# Need information on Dropper bottles



## flyingstapler™ (7/11/16)

Hi guys,

I have been looking around a few places, and I can't seem to find the dropper bottles I'm looking for. BlckVapour has both Clear and Amber, and that's awesome, but the last batch I ordered had a few of the pipettes that seemed a little too short for the 30ml's as well as the pipettes not attaching firmly to the base. 

Does anyone know about a supplier or anything that mainly sells these? I am looking for suppliers of the Clear as well as the Cobalt-coloured glassware for both 30ml and 50ml, but also at a cheap price. 

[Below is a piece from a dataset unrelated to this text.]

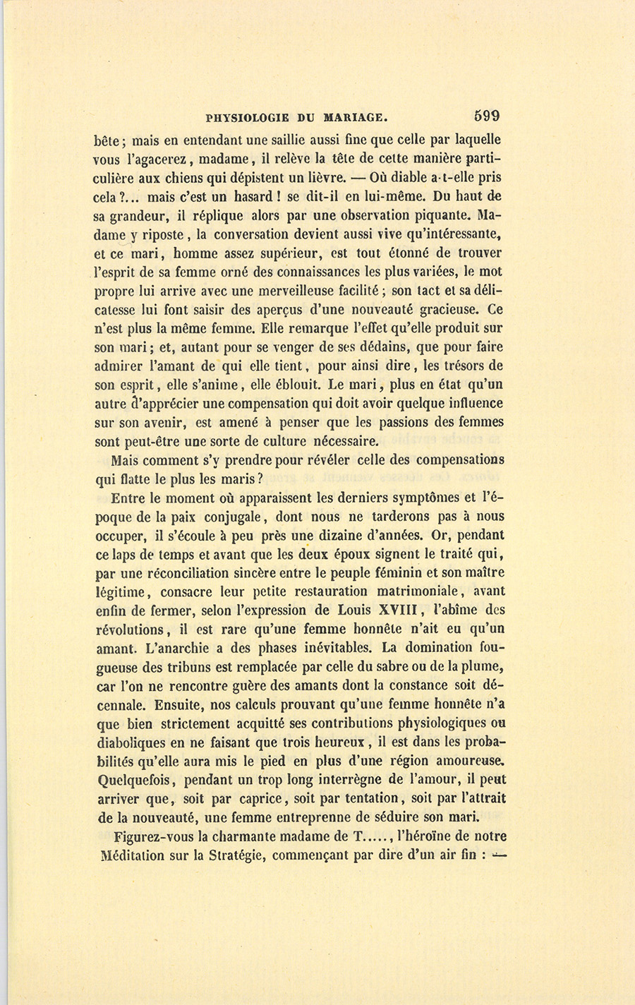 Certain soir, un pauvre mari, retenu au logis par une pluie battante, ou lassé peut-être d’aller passer ses soirées au jeu, au café, dans le monde, ennuyé de tout, se voit contraint après le dîner de suivre sa femme dans la chambre conjugale. Il se plonge dans une bergère et attend sultanesquement son café ; il semble se dire : – Après tout, c’est ma femme !… La syrène apprête elle-même la boisson favorite, elle met un soin particulier à la distiller, la sucre, y goûte, la lui présente ; et, en souriant, elle hasarde, odalisque soumise, une plaisanterie, afin de dérider le front de son maître et seigneur. Jusqu’alors, il avait cru que sa femme était {p. 599} bête ; mais en entendant une saillie aussi fine que celle par laquelle vous l’agacerez, madame, il relève la tête de cette manière particulière aux chiens qui dépistent un lièvre. – Où diable a-t-elle pris cela ?… mais c’est un hasard ! se dit-il en lui-même. Du haut de sa grandeur, il réplique alors par une observation piquante. Madame y riposte, la conversation devient aussi vive qu’intéressante, et ce mari, homme assez supérieur, est tout étonné de trouver l’esprit de sa femme orné des connaissances les plus variées, le mot propre lui arrive avec une merveilleuse facilité ; son tact et sa délicatesse lui font saisir des aperçus d’une nouveauté gracieuse. Ce n’est plus la même femme. Elle remarque l’effet qu’elle produit sur son mari ; et, autant pour se venger de ses dédains, que pour faire admirer l’amant de qui elle tient, pour ainsi dire, les trésors de son esprit, elle s’anime, elle éblouit. Le mari, plus en état qu’un autre d’apprécier une compensation qui doit avoir quelque influence sur son avenir, est amené à penser que les passions des femmes sont peut-être une sorte de culture nécessaire.

And if anyone knows a supplier of these types of dropper bottles in the picture below, that'd be great!




Thanks a bunch!


----------



## stevie g (7/11/16)

Chubby unicorns. Good luck

Reactions: Thanks 1


----------



## Slick (7/11/16)

Sprint said:


> Chubby unicorns. Good luck


A few people some time ago including myself were looking for these bottles but according to a few people and vendors as well,the clear bottles can only be imported from overseas,locally only the amber bottles are available at around R5 each and clear going around R10-R12 each,have no idea regarding the chubby unicorns,hope you come right!

Reactions: Thanks 1


----------



## Rude Rudi (17/11/16)

You can try here but they dont have the chubby unicorn. The originals are here but you might need a retailer to bring them in for you...

Reactions: Like 1


----------